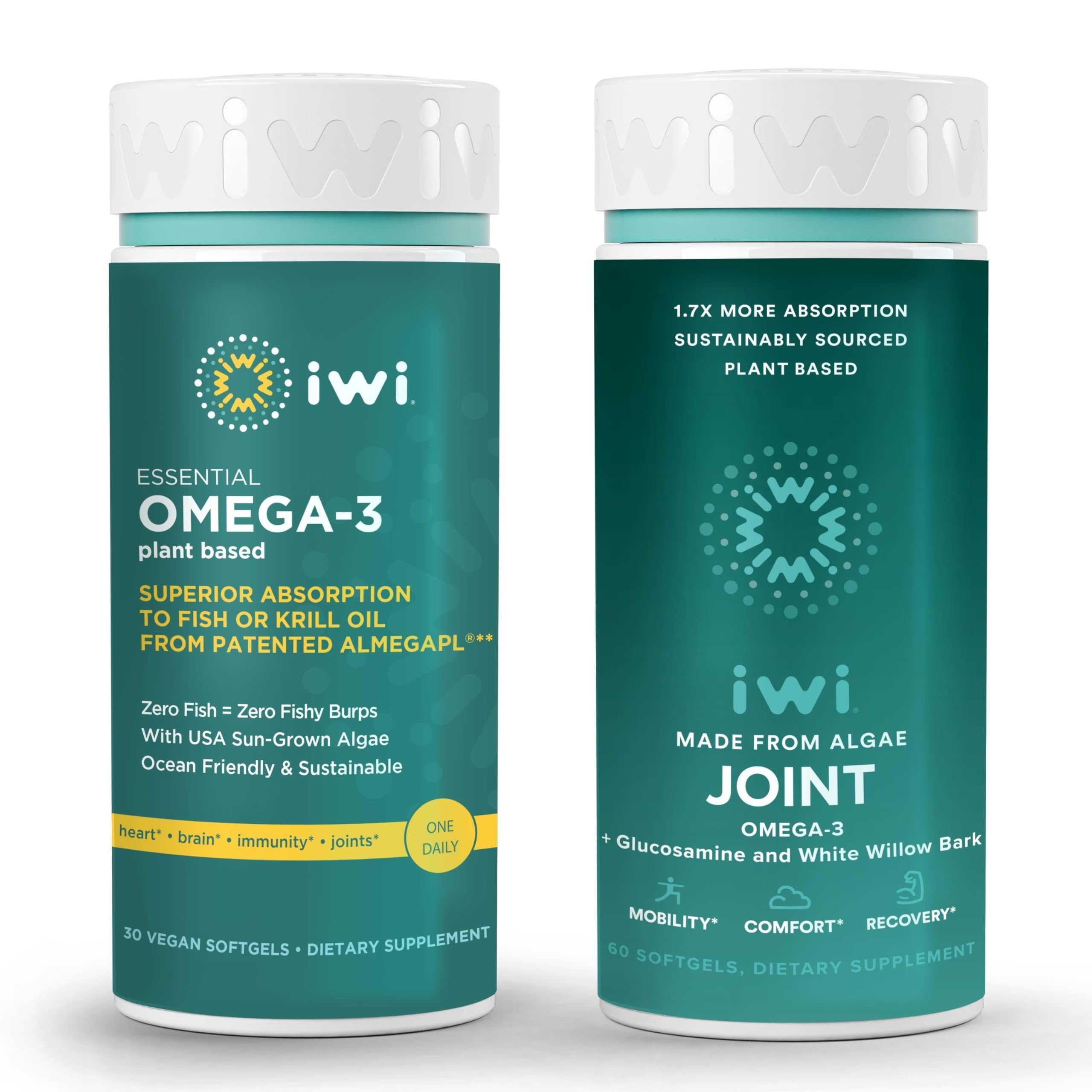 Iwi Omega-3 Essential & Joint Omega-3 Bundle 30 Servings Vegan Plant-Based Algae Omega 3 Krill & Fish Oil Alternative No Fishy Aftertaste
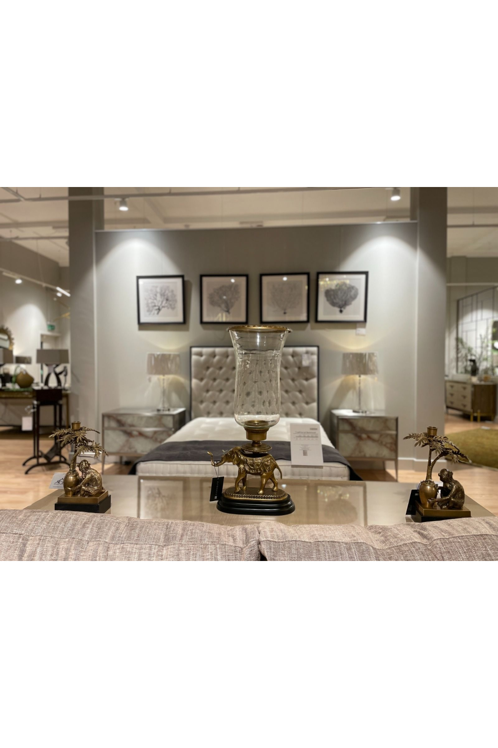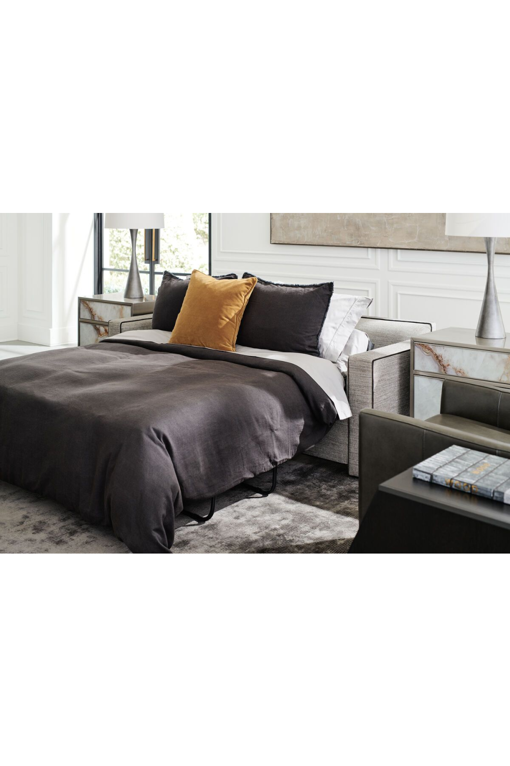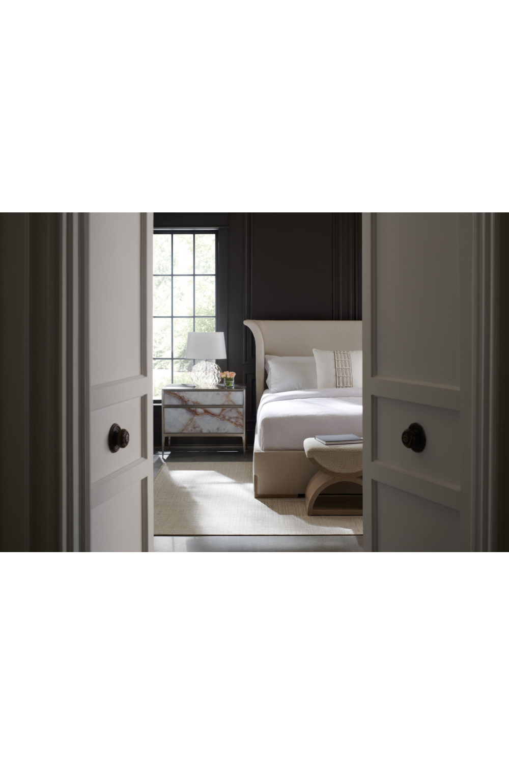 Cuando se trata de una elección de diseño inspirada, este baúl es una verdadera joya. Su aspecto distintivo se inspira en la belleza de las formas perfectamente imperfectas de la piedra natural. Cada una de las dos fachadas de cajón de vidrio presenta un exquisito patrón de ágata pintado que lleva la belleza del exterior al interior. Un marco metálico sobrio y depurado resalta la belleza del patrón de ágata, mientras que sus pies delgados y afilados completan el conjunto. Terminada en un elegante tono de níquel cepillado, esta pieza única ofrece un carisma innegable.
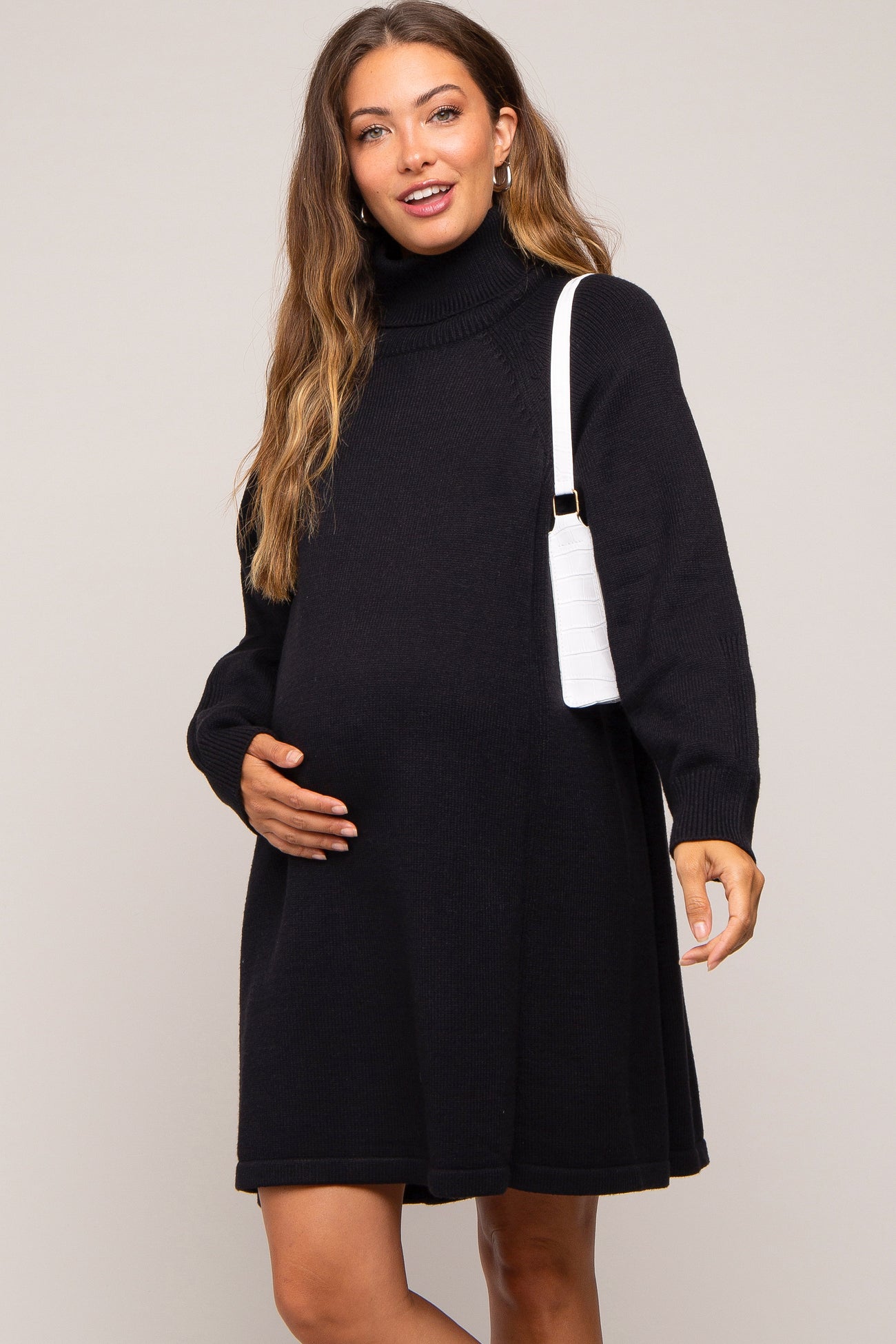Elevate your maternity style with our Black Turtleneck Long Sleeve Maternity Sweater Dress. Crafted from a soft, stretchy knit, this dress gently hugs your growing bump, providing comfort and a flattering silhouette throughout pregnancy and beyond. The classic turtleneck and long sleeves keep you cozy, while the rich black color offers endless styling possibilities—from casual daywear with sneakers to chic evenings with boots. Designed to grow with you, this sweater dress is a versatile closet staple for expecting moms who love effortless elegance and unbeatable comfort.
══════════
Task prompt: Return the data above in its exact wording, with none of the pictures.

Answer box:
 Iwi Omega-3 Essential & Joint Omega-3 Bundle 30 Servings Vegan Plant-Based Algae Omega 3 Krill & Fish Oil Alternative No Fishy Aftertaste
 Cuando se trata de una elección de diseño inspirada, este baúl es una verdadera joya. Su aspecto distintivo se inspira en la belleza de las formas perfectamente imperfectas de la piedra natural. Cada una de las dos fachadas de cajón de vidrio presenta un exquisito patrón de ágata pintado que lleva la belleza del exterior al interior. Un marco metálico sobrio y depurado resalta la belleza del patrón de ágata, mientras que sus pies delgados y afilados completan el conjunto. Terminada en un elegante tono de níquel cepillado, esta pieza única ofrece un carisma innegable.
Elevate your maternity style with our Black Turtleneck Long Sleeve Maternity Sweater Dress. Crafted from a soft, stretchy knit, this dress gently hugs your growing bump, providing comfort and a flattering silhouette throughout pregnancy and beyond. The classic turtleneck and long sleeves keep you cozy, while the rich black color offers endless styling possibilities—from casual daywear with sneakers to chic evenings with boots. Designed to grow with you, this sweater dress is a versatile closet staple for expecting moms who love effortless elegance and unbeatable comfort.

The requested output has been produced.